The resurrection of Jesus leads to the resolution of all things. Then comes the end, when He delivers the kingdom to God the Father, when He puts an end to all rule and all authority and power. For He must reign till He has put all enemies under His feet. The last enemy that will be destroyed is death. For "He has put all things under His feet." But when He says, "all things are put under Him," it is evident that He who put all things under Him is accepted. Now when all things are made subject to Him, then the Son Himself will also be subject to Him who put all things under Him that God may be all in all.

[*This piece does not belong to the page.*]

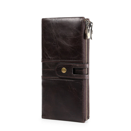European & American Oily Leather Long Wallets - RFID Shielded Anti-Theft Genuine Leather for Men & Women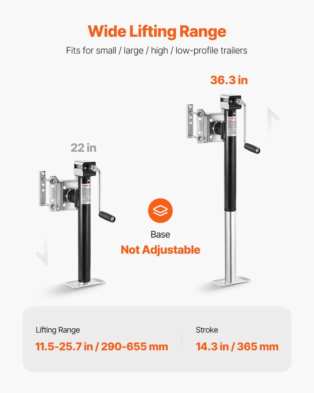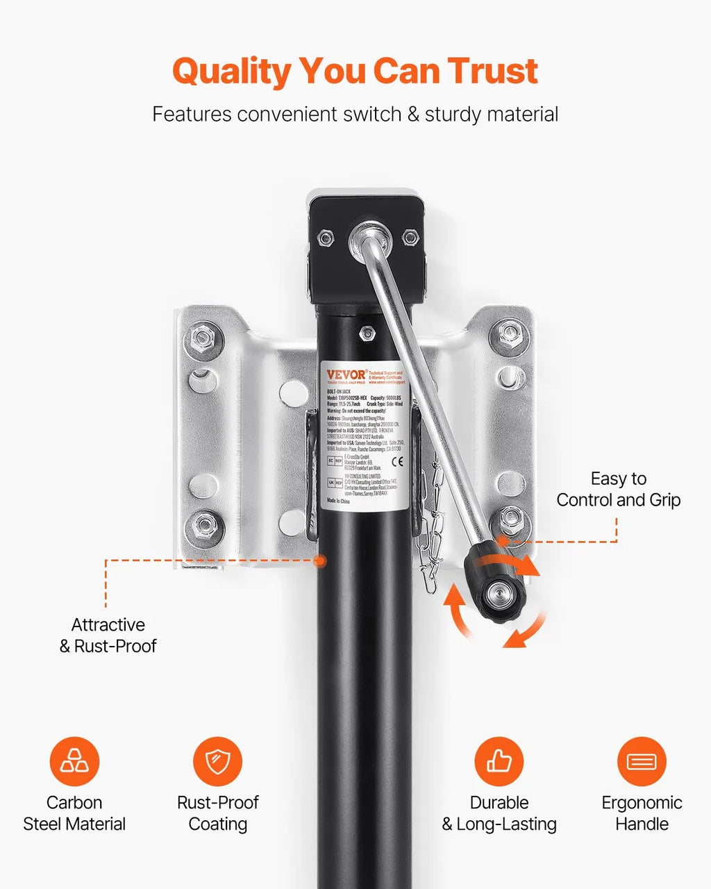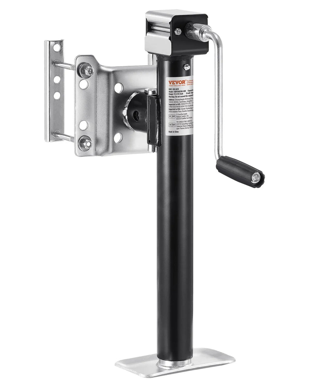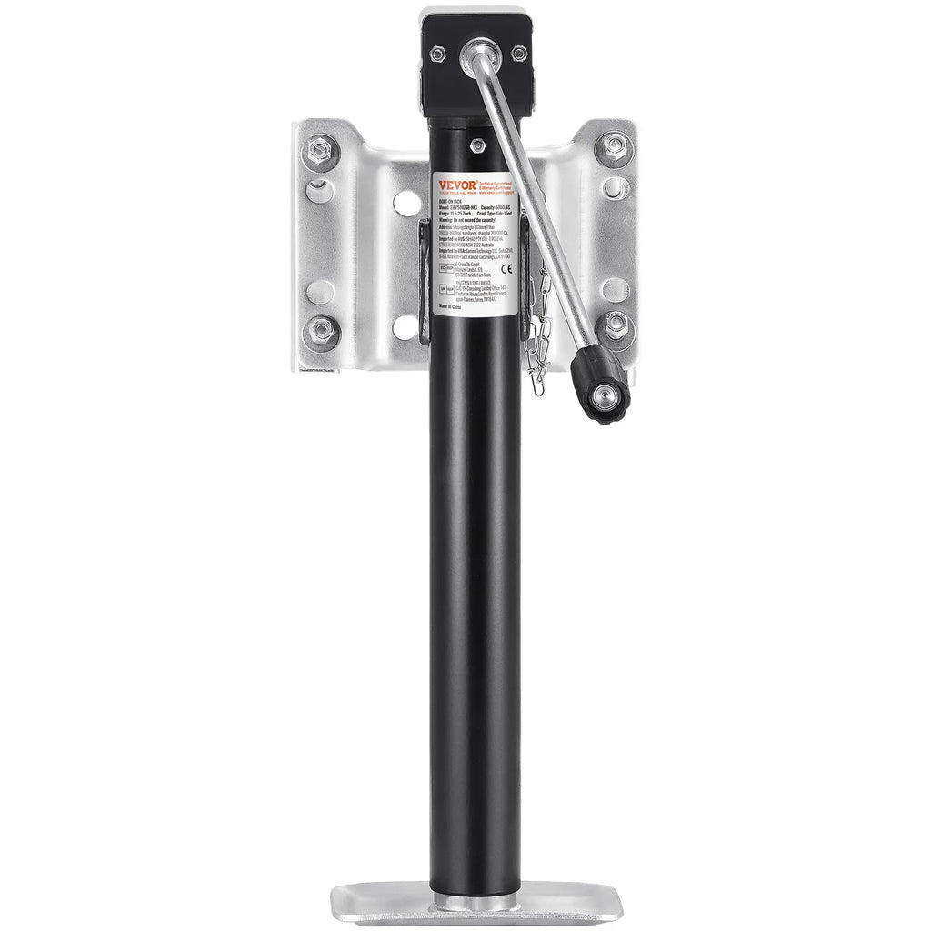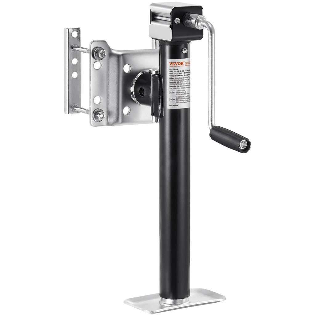 The VEVOR Bolt-On Trailer Tongue Jack is a heavy-duty lifting solution designed for trailers, RVs, and utility vehicles. With a maximum dynamic load capacity of 5000 lbs, this trailer jack delivers strong and reliable lifting support for hitching, leveling, and maintenance tasks. Constructed from durable carbon steel, it ensures long-lasting strength and resistance to wear in demanding outdoor conditions. The jack features a 14.3-inch stroke and an adjustable lifting range for flexible height positioning. An ergonomic handle provides smooth and efficient operation, while the bolt-on design allows quick installation with the included accessories. Ideal for utility trailers, boat trailers, and campers, this jack offers dependable performance for towing applications.

How can we follow Christ through the mini deaths we face? When we do not process before God the feelings that make us human, such as fear or sadness or anger, we leak.  This is a new and radical suggestion.  I would like to suggest some steps that we should consider taking p. 142f EHS


  1. Pay attention to God’s purpose in suffering and express it to him: 2/3rds of the Psalm are laments or songs of sadness and grief.
  2. Wait in the confusing In-Between
  3. Embrace the Gift of Limits: I wonder if the greatest loss we must grieve is our limits. 
  4. Climb the ladder of humility
  5. Let the old birth the new…in his time

 


Jesus himself said death that brings resurrection and new life, John 14:24, “I tell you the truth, unless a kernel of wheat falls to the ground and dies, it remains only a single seed.  But if it dies, it produces many seeds.


Remember: resurrection only comes out of death—real death.  Our losses are real.  And so is our living God.  He is real and he has given us the victory over death.


May this peace which passes all human understanding keep your heart and your mind in Christ Jesus, to life everlasting, Amen.